For distributed setups or systems serving a large number of users, it's recommended that system administrators consider other database types. These alternative databases can offer improved performance, scalability, and resilience, ensuring that the spam filter operates efficiently even under heavy loads. Transitioning to a different database type also provides the flexibility to distribute the database across multiple servers, optimizing resource usage and ensuring seamless operation.
Schema
The spam filter relies on a structured database schema to store and manage crucial data points. Below, we've detailed the table layouts required by the spam filter for three popular database systems: SQLite, PostgreSQL, and MySQL.
SQLite
SQLite, a lightweight and file-based database system, employs the following schema:
CREATE TABLE IF NOT EXISTS bayes_tokens (
h1 INTEGER NOT NULL,
h2 INTEGER NOT NULL,
ws INTEGER,
wh INTEGER,
PRIMARY KEY (h1, h2)
);
CREATE TABLE IF NOT EXISTS seen_ids (
id STRING NOT NULL PRIMARY KEY,
ttl DATETIME NOT NULL
);
CREATE TABLE IF NOT EXISTS reputation (
token STRING NOT NULL PRIMARY KEY,
score FLOAT NOT NULL DEFAULT '0',
count INT(11) NOT NULL DEFAULT '0',
ttl DATETIME NOT NULL DEFAULT CURRENT_TIMESTAMP
);
PostgreSQL
For PostgreSQL, a powerful and open-source relational database system, the schema can be adapted as:
CREATE TABLE IF NOT EXISTS bayes_tokens (
h1 INTEGER NOT NULL,
h2 INTEGER NOT NULL,
ws INTEGER,
wh INTEGER,
PRIMARY KEY (h1, h2)
);
CREATE TABLE IF NOT EXISTS seen_ids (
id TEXT NOT NULL PRIMARY KEY,
ttl TIMESTAMP WITHOUT TIME ZONE NOT NULL
);
CREATE TABLE IF NOT EXISTS reputation (
token TEXT NOT NULL PRIMARY KEY,
score REAL NOT NULL DEFAULT '0',
count INTEGER NOT NULL DEFAULT '0',
ttl TIMESTAMP WITHOUT TIME ZONE NOT NULL DEFAULT CURRENT_TIMESTAMP
);
MySQL
For MySQL, a widely-used relational database management system, the schema is adapted as:
CREATE TABLE IF NOT EXISTS bayes_tokens (
h1 INT NOT NULL,
h2 INT NOT NULL,
ws INT,
wh INT,
PRIMARY KEY (h1, h2)
) ENGINE=InnoDB;
CREATE TABLE IF NOT EXISTS seen_ids (
id VARCHAR(255) NOT NULL PRIMARY KEY,
ttl DATETIME NOT NULL
) ENGINE=InnoDB;
CREATE TABLE IF NOT EXISTS reputation (
token VARCHAR(255) NOT NULL PRIMARY KEY,
score FLOAT NOT NULL DEFAULT '0',
count INT NOT NULL DEFAULT '0',
ttl DATETIME NOT NULL DEFAULT CURRENT_TIMESTAMP
) ENGINE=InnoDB;
Queries
The spam filter relies on a series of queries to interact with the database, which are defined under the etc/smtp/spamfilter.toml
configuration file. Please refer to the directory documentation for more information on how to configure SQL databases.
SQLite
The following queries are used for SQLite:
[directory."spamdb".lookup]
token-insert = "INSERT INTO bayes_tokens (h1, h2, ws, wh) VALUES (?, ?, ?, ?)
ON CONFLICT(h1, h2)
DO UPDATE SET ws = ws + excluded.ws, wh = wh + excluded.wh"
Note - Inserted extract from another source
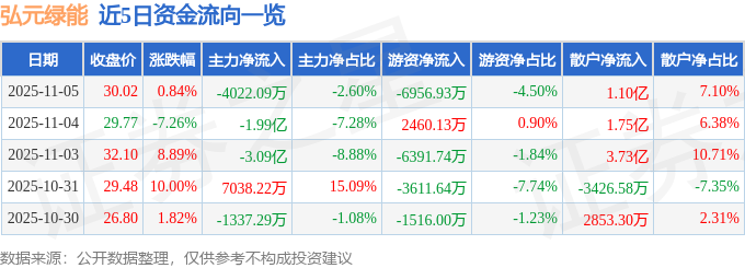 证券之星消息,截至2025年11月5日收盘,弘元绿能(603185)报收于30.02元,上涨0.84%,换手率7.62%,成交量51.71万手,成交额15.47亿元。

token-lookup = "SELECT ws, wh FROM bayes_tokens WHERE h1 = ? AND h2 = ?"
id-insert = "INSERT INTO seen_ids (id, ttl) VALUES (?, datetime('now', ? || ' seconds'))"
id-lookup = "SELECT 1 FROM seen_ids WHERE id = ? AND ttl > CURRENT_TIMESTAMP"
reputation-insert = "INSERT INTO reputation (token, score, count, ttl) VALUES (?, ?, 1, datetime('now', '30 days'))
ON CONFLICT(token)
DO UPDATE SET score = (count + 1) * (excluded.score + 0.98 * score) / (0.98 * count + 1), count = count + 1, ttl = excluded.ttl"
reputation-lookup = "SELECT score, count FROM reputation WHERE token = ?"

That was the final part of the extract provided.